St. Thomas the Apostle
Fr. Philip Neri Powell, OP
St. Dominic Priory, NOLA
We've given Doubting Thomas the wrong nickname. We should call him “Denying Thomas.” His denial couldn't be clearer: “I will NOT believe.” He doesn't say, “Huh. Well, maybe, but I'll need a little more evidence to be sure.” He says, “I will not believe.” His denial sounds eerily modern, almost scientific in its demand for material proof. This must've shocked his fellow apostles. He's seen and heard everything they've seen and heard. He's been with Jesus almost from the start. Did he give any indication before this that he didn't believe his Teacher's revelations about his own mission? How he would die? Rise? Return and ascend? Maybe Denying Thomas' denial is prompted by grief or despair. Maybe he's distraught and just not thinking clearly. Regardless, he gets his material proof and comes to believe. But Jesus seems less than delighted at this turn of events: “Blessed are those who have not seen and have believed.” You can almost hear a disappointed sigh in there somewhere.
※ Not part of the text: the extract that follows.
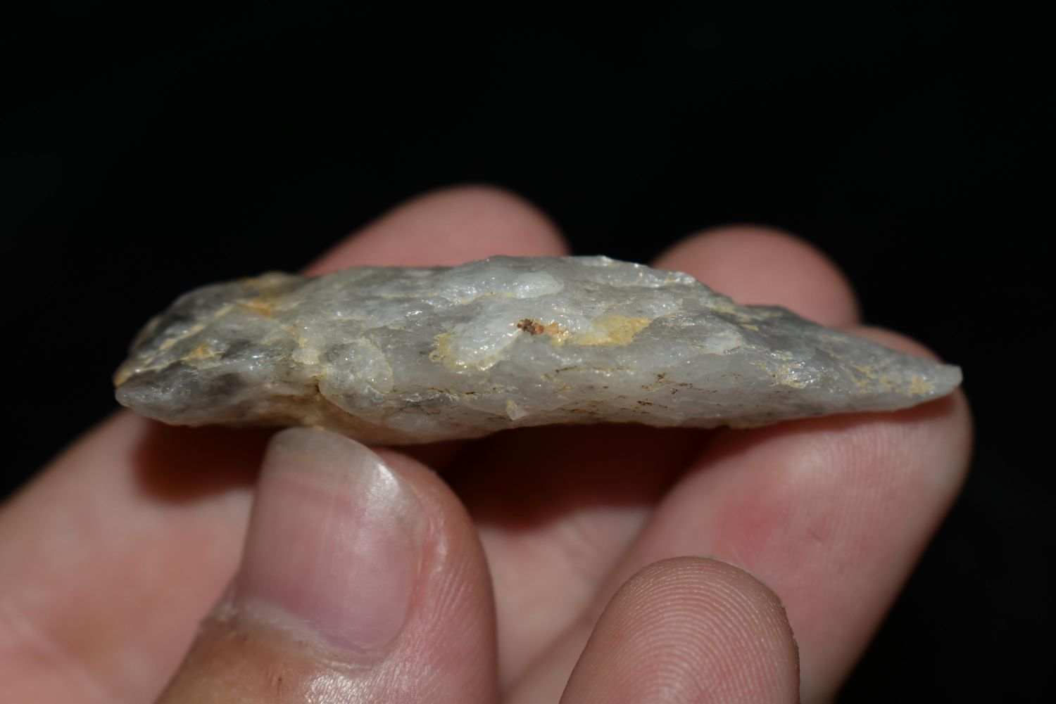 2 1/8" Quartz Stemmed Point found in Eastern North Carolina as Highway 264 was being constructed.

Denying Thomas' story of conversion gives us an annual opportunity to closely examine the basis of our own assent to the Good News as handed-on by the Apostles. If asked, “Why do you believe?” what would you say? I've seen the wounds of Christ in the flesh? That would be amazing. . .and highly suspicious! Maybe you'd say, “This is the belief instilled in me by my family and reinforced by my social group.” OK. Less amazing, not suspicious. . .but meh. . .not exactly a rousing endorsement of a faith that, if rightly lived, promises persecution and death. Could you say, “I've experienced the life-giving grant of mercy for my sins”? Better. But deeply personal and difficult to translate for those for whom sin is an illusion. Another Thomas tells us that belief is the assent of the intellect to Truth w/o the need for empirical evidence. “Blessed are those who have not seen and have believed.” This means that belief is dangerous. It requires commitment, a willingness to throw in w/o any material guarantees for eventual success or reward. It means taking on by witness alone the fullness of God's Self-Revelation and living one's life accordingly. No guide wires, no safety net; nothing but trust and the sure hope that you've bet on the right divine horse. Denying Thomas needed more than trust or hope. He needed proof. But we know that what needs proving, daily testing, is our faith.